One witness, yet to be on the stand today, is the ranger from the Silver Strand, who says he returned money to Westerfield in his RV after he overpaid for the campsite.
Barbara Easton lives in Ramona. He pasted through there on the way. Both 50. She could be is first wife or girlfriend from the early days. Barb is known sex maniac. Brenda didn't want her around Danielle. A lot fits.
June 13, 2002
Prosecutors continued today to try to establish where accused kidnap and murder suspect David Westerfield's drove his motor home on the weekend 7-year-old Danielle van Dam disappeared.
Jurors heard a Verizon Wireless records custodian testify about when and where Westerfield's cell phone made contact with cellular telephone relay towers that weekend and heard campers testify to having seen Westerfield's motor home at the Silver Strand State Beach campground on Saturday, Feb. 2, the day Danielle was reported missing.
"It was all closed up," said Teresa Hastings, an El Cajon resident who was camping that weekend. "The drapes were all closed, the awning wasn't up. It was like there was nobody there."
Thursday was the seventh day of testimony in San Diego Superior Court. Westerfield, 50, is accused of the kidnapping and murder of Danielle.
One phone made no calls.

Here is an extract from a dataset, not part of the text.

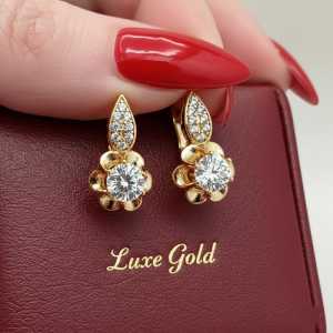 Серьги позолоченные Floria Luxe Gold с фианитами ⭐️ ❤️✨️ ☆гипоаллергенный ювелирный сплав (т. н.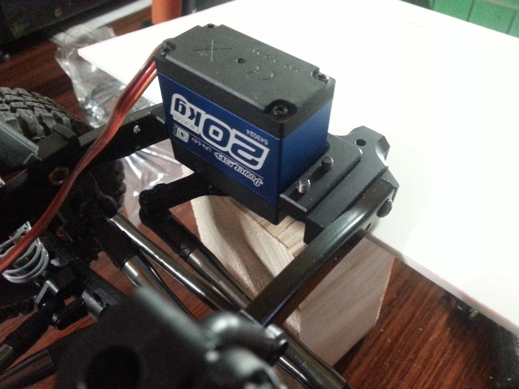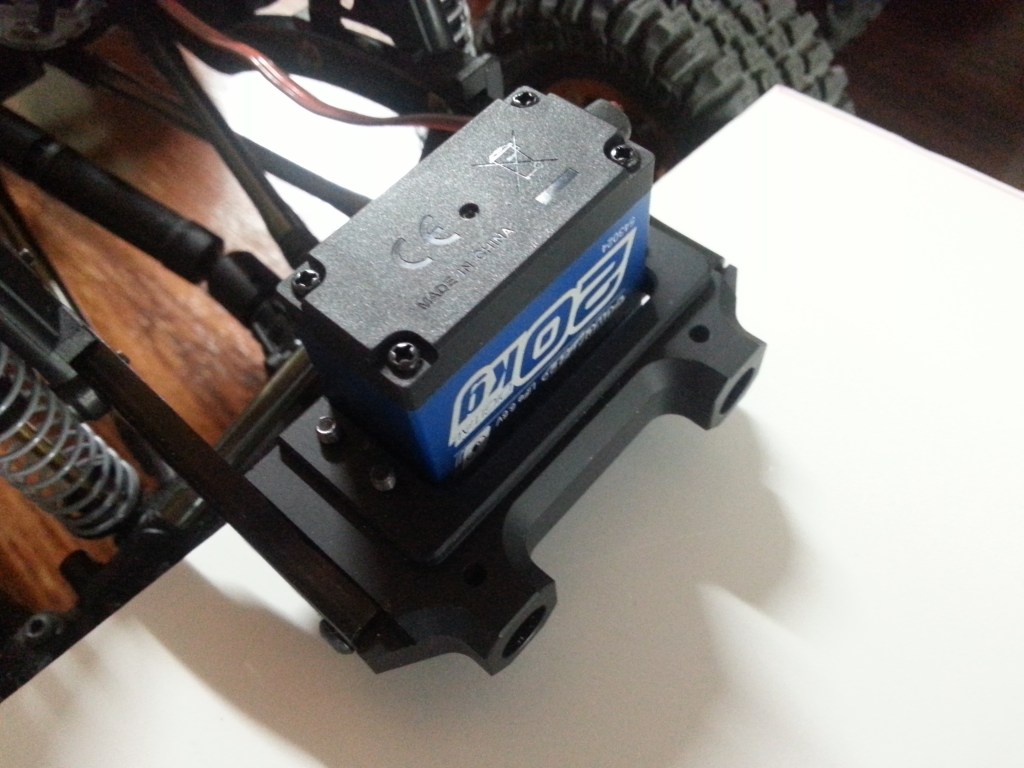 Abschließend die für heute letzte Baustelle am Vorderwagen. Austauschteil 3, wieder Kunststoff gegen Aluminium. Hier habe ich mich für einen kleinen unbekannten Hersteller entschieden, weil die Möglichkeit ein Lenkservo zu befestigen, integriert ist. Auch hier eine perfekte Ausführung, mit sauber geschnittenene Gewinden. Die einzig erforderlich Anpassung bei dieser Variante, ist die Länge des Lenkgestänges. Es muss etwas verkürzt werden, ein gut lösbares Problem also. Das ist hier aber noch nicht geschen, noch steht der Servohebel nicht in Mittelstellung …

Over the weekend, the other was used to make several calls and retrieve voicemail intermittently, while calls made to the phone were diverted to voicemail.
Sheets said company records also showed which cell phone towers the phone calls were relayed through, though he testified that the records didn't show how far away the phone was from the towers when the calls were made.
A cell phone will usually try to connect to the nearest tower, but if that tower is busy, it will try to contact the next nearest tower and can be bounced several towers away, Sheets said.
"So you can't tell us where the user actually was," lead defense attorney Steven Feldman asked Sheets during cross-examination.
"No," Sheets replied.
But he later testified that it's more likely for a call to be routed through the nearest tower on weekends because there is less overall cell phone usage on weekends than on weekdays.
Angela Elkus said the family dog, a "fairly young" gray Weimaraner, took little notice of her, though it was her first visit to the van Dam house.
"When I came in he was just standing there," she said. "He looked rather scared, shy, confused."
One of the nagging questions about the Danielle's disappearance is how anyone could have made his way into the home which was occupied by the girl's parents, brothers, and dog without the dog barking or creating some sort of noise.
The van Dam's have testified the dog was raised around others that had been "debarked."
He should present a picture of grace, speed, stamina, alertness and balance.
Oh yeah, that is Layla all right!...
The defense may not call her either. Too explosive! They want to show that someone else might have done it, not that someone else might have started it and loyal ole' David might have helped clean up.
Damon's my number one alternate, but I have to admit, if it's true BVD didn't want Barb near Danielle, I have to wonder if Barb hadn't expressed an interest "of some sort" in Danielle, to BVD, at some point.